INPUT DATA:
┄┄┄┄┄┄
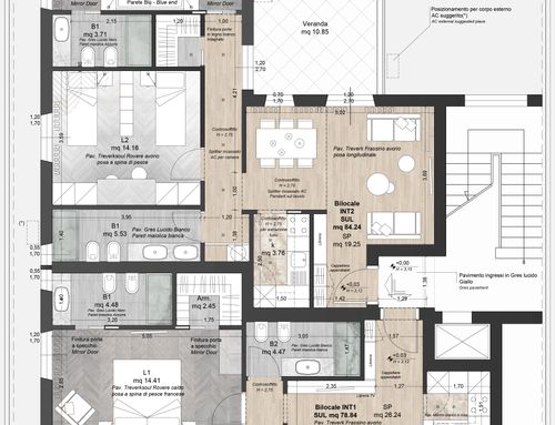 Internal flooring preferably in parquet or porcelain stoneware with wood effect;
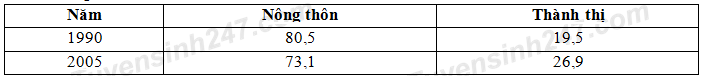 Dân số nước ta, giai đoạn 1990 – 2005 (Đơn vị:%)
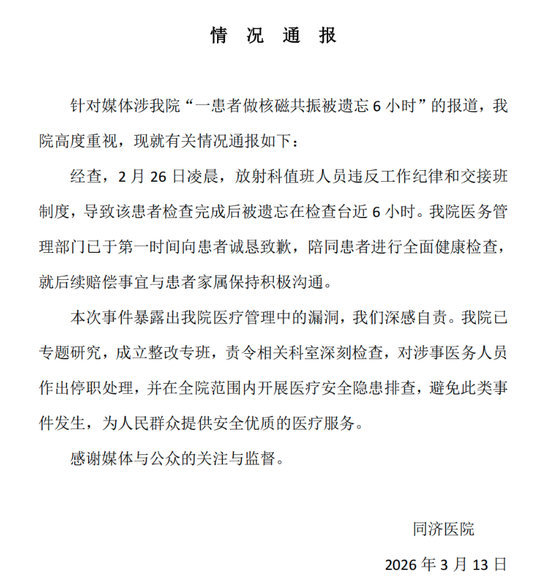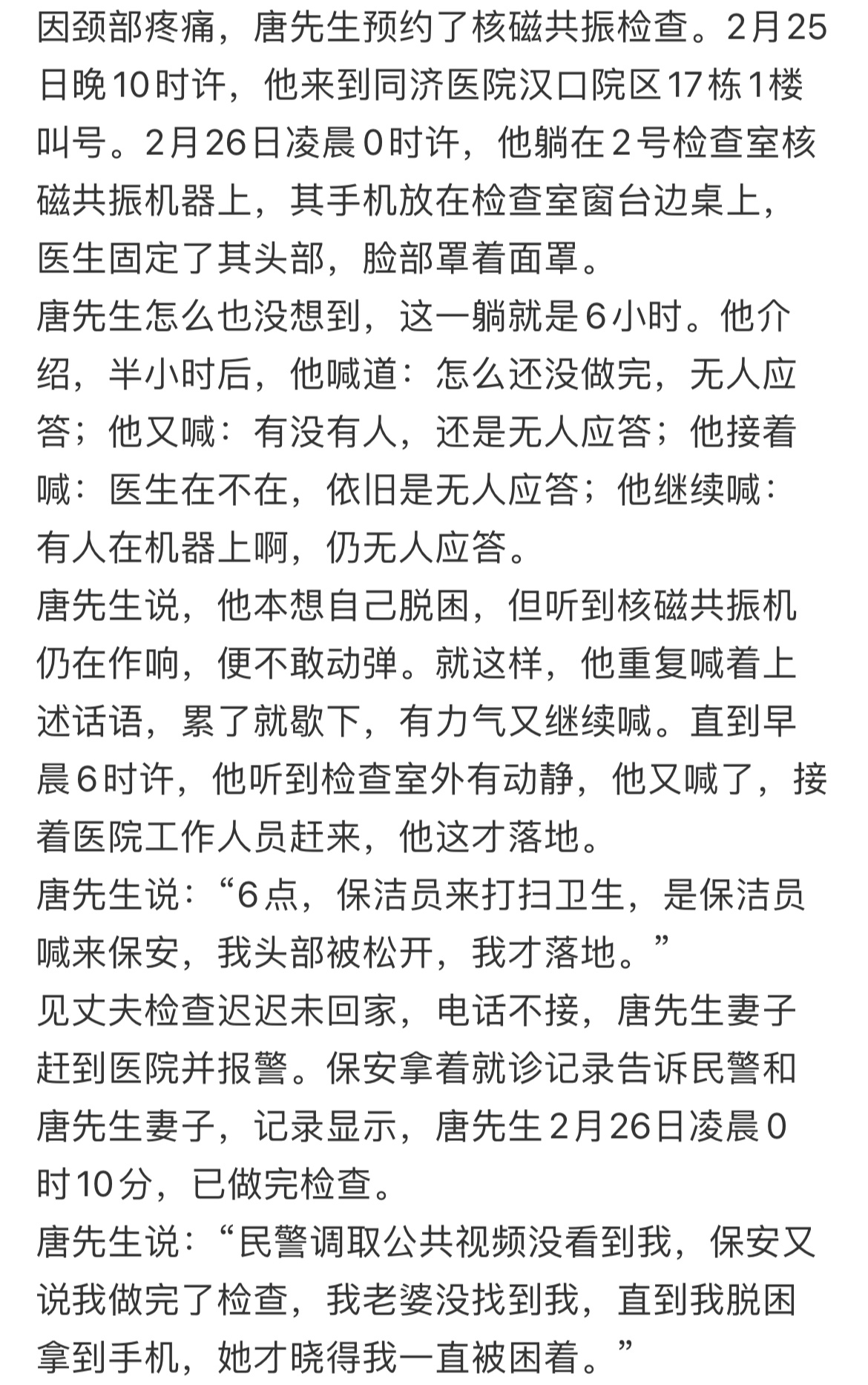 保洁员发现男子被遗忘核磁共振机差点以为是什么疯癫文学,也就是说一次检查20分钟,但核磁共振机器一般不关机,所以被迫做了6个小时核磁共振
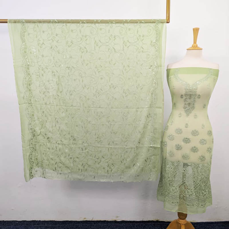 Fancy Chiffon with Embroidered + Chikankari Work 2PC Unstitched
┄┄┄┄┄┄
All of the listing above must be output exactly, except for its pictures.

 Internal flooring preferably in parquet or porcelain stoneware with wood effect;
 Dân số nước ta, giai đoạn 1990 – 2005 (Đơn vị:%)
 保洁员发现男子被遗忘核磁共振机差点以为是什么疯癫文学,也就是说一次检查20分钟,但核磁共振机器一般不关机,所以被迫做了6个小时核磁共振
 Fancy Chiffon with Embroidered + Chikankari Work 2PC Unstitched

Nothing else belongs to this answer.